Task objective - Your copy of the entries below should hold exactly the lines from the one containing "2025-2026学年(上)" to the one containing "- ↑ La bannière, de", inclusive, and no pictures.

Start of Records for the task

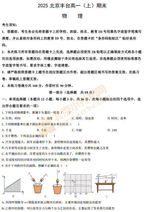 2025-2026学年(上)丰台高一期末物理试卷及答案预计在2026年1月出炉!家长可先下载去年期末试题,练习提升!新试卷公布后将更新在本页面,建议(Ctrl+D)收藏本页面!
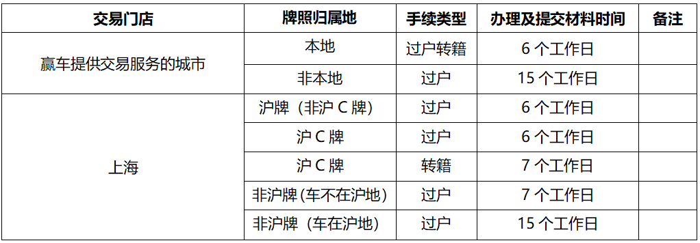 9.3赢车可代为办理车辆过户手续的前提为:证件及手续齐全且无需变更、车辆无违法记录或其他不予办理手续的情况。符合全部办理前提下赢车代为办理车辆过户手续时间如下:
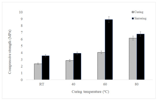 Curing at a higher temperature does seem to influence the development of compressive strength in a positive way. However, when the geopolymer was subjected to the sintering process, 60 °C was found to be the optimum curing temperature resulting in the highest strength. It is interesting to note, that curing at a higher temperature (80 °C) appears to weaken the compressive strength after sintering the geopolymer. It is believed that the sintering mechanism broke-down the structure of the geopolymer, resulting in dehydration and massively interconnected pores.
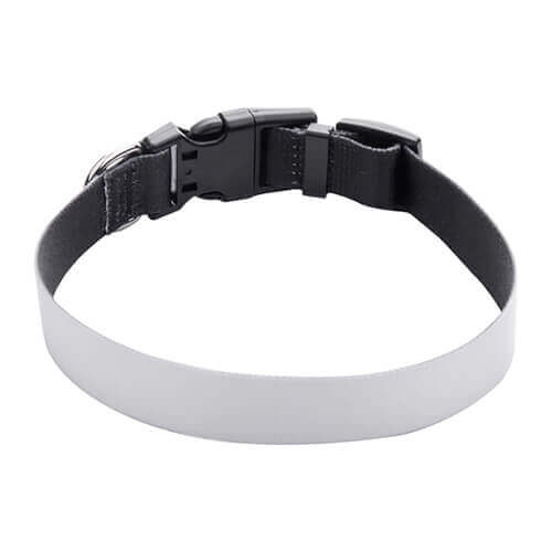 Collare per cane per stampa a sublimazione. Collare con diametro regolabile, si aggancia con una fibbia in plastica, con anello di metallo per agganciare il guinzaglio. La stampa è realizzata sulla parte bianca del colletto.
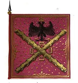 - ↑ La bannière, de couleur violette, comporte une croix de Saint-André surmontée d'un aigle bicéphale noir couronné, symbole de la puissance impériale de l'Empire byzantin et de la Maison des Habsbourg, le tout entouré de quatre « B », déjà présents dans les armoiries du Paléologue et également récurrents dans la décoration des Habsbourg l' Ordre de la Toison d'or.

End of Records for the task
Start of Records for the task

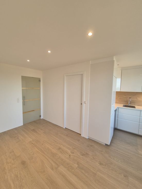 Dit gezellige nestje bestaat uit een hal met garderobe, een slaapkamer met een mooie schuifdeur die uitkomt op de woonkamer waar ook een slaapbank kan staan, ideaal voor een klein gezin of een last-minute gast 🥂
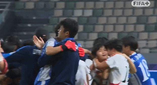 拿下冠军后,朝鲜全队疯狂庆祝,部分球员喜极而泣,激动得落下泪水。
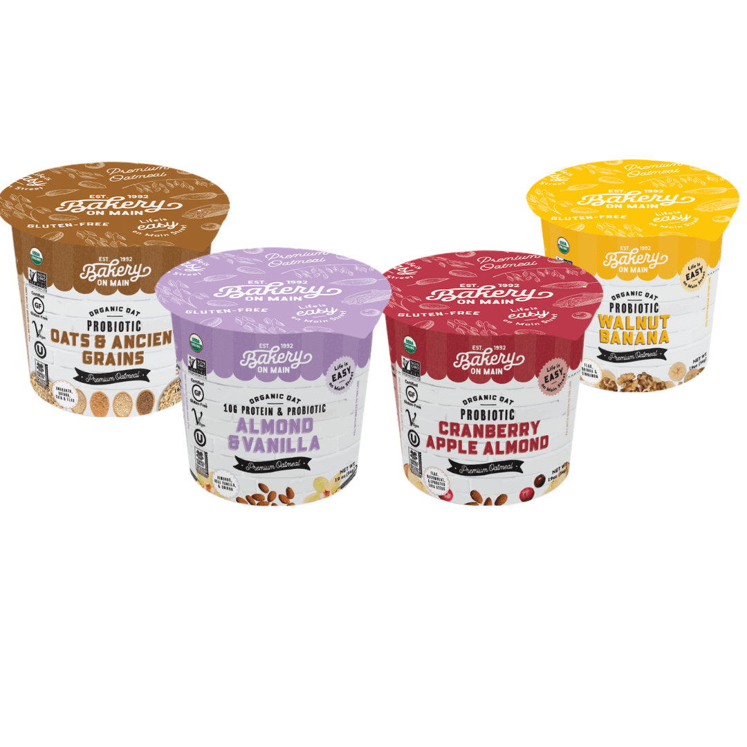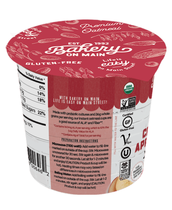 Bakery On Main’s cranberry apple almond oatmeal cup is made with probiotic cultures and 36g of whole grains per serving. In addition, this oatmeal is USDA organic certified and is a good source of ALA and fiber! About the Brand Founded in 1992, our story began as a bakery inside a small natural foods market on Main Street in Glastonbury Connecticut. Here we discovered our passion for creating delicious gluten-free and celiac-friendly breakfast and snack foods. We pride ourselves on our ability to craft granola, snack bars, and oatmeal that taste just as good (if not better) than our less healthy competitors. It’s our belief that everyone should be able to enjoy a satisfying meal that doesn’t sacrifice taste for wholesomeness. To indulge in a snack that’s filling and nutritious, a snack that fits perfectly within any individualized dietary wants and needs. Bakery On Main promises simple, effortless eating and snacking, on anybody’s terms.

End of Records for the task
Start of Records for the task

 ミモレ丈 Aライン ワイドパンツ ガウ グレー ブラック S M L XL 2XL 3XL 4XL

End of Records for the task

Output -
 2025-2026学年(上)丰台高一期末物理试卷及答案预计在2026年1月出炉!家长可先下载去年期末试题,练习提升!新试卷公布后将更新在本页面,建议(Ctrl+D)收藏本页面!
 9.3赢车可代为办理车辆过户手续的前提为:证件及手续齐全且无需变更、车辆无违法记录或其他不予办理手续的情况。符合全部办理前提下赢车代为办理车辆过户手续时间如下:
 Curing at a higher temperature does seem to influence the development of compressive strength in a positive way. However, when the geopolymer was subjected to the sintering process, 60 °C was found to be the optimum curing temperature resulting in the highest strength. It is interesting to note, that curing at a higher temperature (80 °C) appears to weaken the compressive strength after sintering the geopolymer. It is believed that the sintering mechanism broke-down the structure of the geopolymer, resulting in dehydration and massively interconnected pores.
 Collare per cane per stampa a sublimazione. Collare con diametro regolabile, si aggancia con una fibbia in plastica, con anello di metallo per agganciare il guinzaglio. La stampa è realizzata sulla parte bianca del colletto.
 - ↑ La bannière, de couleur violette, comporte une croix de Saint-André surmontée d'un aigle bicéphale noir couronné, symbole de la puissance impériale de l'Empire byzantin et de la Maison des Habsbourg, le tout entouré de quatre « B », déjà présents dans les armoiries du Paléologue et également récurrents dans la décoration des Habsbourg l' Ordre de la Toison d'or.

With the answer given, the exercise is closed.